La collection Grain de Sable, aux éditions du Père Fouettard, a choisi un concept aussi original qu’innovant, en partant d’un simple constat : l’histoire est souvent racontée par les vainqueurs.
Avec des ouvrages recto-verso présentant deux versions d’un même récit, conté par deux personnages, la collection Grain de Sable fait dérailler les rouages du prêt-à-penser !
C’est l’histoire de Radegonde, une petite fille qui vit dans un village ensoleillé. Mais lorsqu’il pleut, tout le monde est terrifié. Car la Grand’Goule sort des égouts, rôde en ville et croque des gens en guise de dîner. La ville est terrifiée. Radegonde a de la suite dans les idées : si personne n’est capable de s’occuper du problème, c’est par la ruse – et le poison – qu’elle vaincra le dragon. La voilà partie en guerre !
C’est aussi l’histoire d’un dragon. Un dragon qui, décidément, préférait les temps jadis. Avant que les hommes n’exterminent les siens. Depuis, le dragon, qui a porté bien des noms, se cache, puisque les hommes aimeraient bien le découper pour faire de son cuir des armures, ou de son cœur des potions magiques. D’ailleurs, ils s’imaginent même qu’un dragon mange des enfants. Ridicule ! Et, justement, voilà une petite fille fort jolie qui entre dans la tanière. Avec des gâteaux ! La vie va, peut-être, enfin changer !

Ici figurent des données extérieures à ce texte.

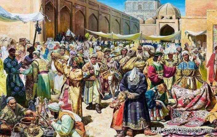 西突厥汗国直接吞掉了“大城四十,城堡千余”的安国,整个国家由突厥特勤王子统治;和李白渊源极深的碎叶地区西突厥从石国手中抢来的,突厥铁骑杀了该国君主,鹊巢鸠占直接夺取了碎叶地区。九姓胡中兵力最强的康国( “大城三十,城堡三百”)盛产名马,还有花剌子模和曹国(曹国国君就是两个小弟,不容易一口吞下,西突厥王室就两次将自家公主嫁到康国去,对自己的亲戚予取予夺。另一个西域著名国度高昌也和西突厥人联姻,突厥可汗用一个公主嫁了这个国家三代君王。西突厥汗国用粟特人当使者、当财富搬运工,从整个西域征召士兵和财物,得到了大量丝绸之路上的利益,小日子过得很爽。

Radegonde et la Grand’Goule est un album des plus originaux. On lit tout d’abord l’histoire de la fillette et, hop, on passe dans la foulée à celle du dragon, ce qui permet d’avoir deux sons de cloche à la même aventure. D’un côté, une quête héroïque dans laquelle une petite fille accomplit un geste permettant de sauver sa ville. De l’autre, un message plein d’espoir d’un être pourchassé sans raison. Évidemment, les deux versions se rejoignent au milieu. Et, si la partie de Radegonde colle tout à fait aux traditionnels contes pour enfants, dans lesquels on occis le dragon, la seconde partie, elle, est nettement plus sensible. Celle-ci vient nuancer la première et poser des questions on ne peut plus pertinentes : le vainqueur a-t-il toujours raison ? Exterminer les dragons était-il vraiment une question urgente et prioritaire ? S’est-on réellement posé les bonnes questions ? Car il ne faut pas longtemps pour discerner la terrible incompréhension entre humains et dragons, source de tant de malheurs de part et d’autre.

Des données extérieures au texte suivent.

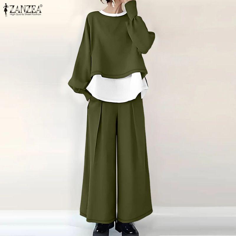 ZANZEA Women Casual Long Sleeve Blouse and Wide Leg Pants Two Piece Suit Sets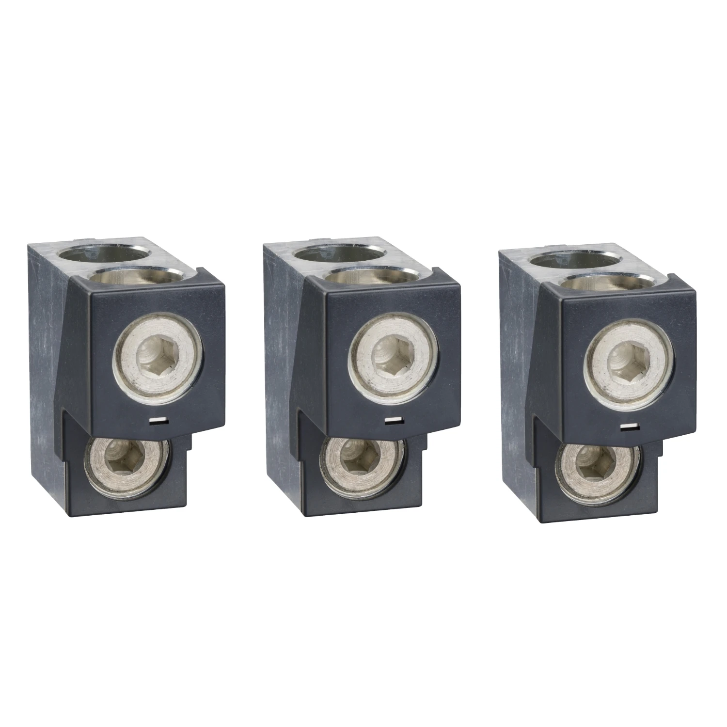 These accessories are aluminium bare cable connectors for Compact NSX 400/630 and EasyPact CVS 400/630. These connectors can receive 2 copper or aluminium cables from 35mm² to 240mm². The connectors are screwed directly on the device terminals or right angle terminal extensions. The rated current is up to 630 A. They are sold by set of 3 parts. · · · These accessories are aluminium bare cable connectors for Compact NSX 400/630 and EasyPact CVS 400/630. · · These connectors can receive 2 copper or aluminium cables from 35mm² to 240mm². · · The connectors are screwed directly on the device terminals or right angle terminal extensions. · · The rated current is up to 630 A.

Avec Naïma au texte, Anne Mahler au dessin, on a un album vif, pétillant, très coloré. En un mot : énergique ! Les couleurs éclatantes soulignent la détermination de Radegonde, d’un côté, l’espoir de la Grand’Goule de l’autre.

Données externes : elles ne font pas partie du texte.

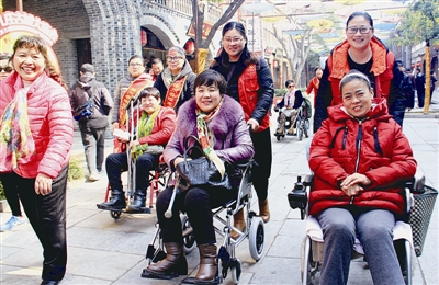 当日,徐州义工帮助40余名残疾人朋友到台儿庄古城游玩。台儿庄区义工协会组织多名义工协助,鲁苏两地义工携手,为残疾人朋友创建了无障碍通道。 (张严新 摄)

Ainsi, Radegonde et la Grand’Goule appelle à une meilleure entente entre personnes et pousse à s’interroger sur les notions de bien et de mal. C’est fin et la réflexion est brillamment amenée ! Un album à mettre entre toutes les mains et qui soutiendra parfaitement les enseignants en recherche de supports pour les leçons d’éducation civique.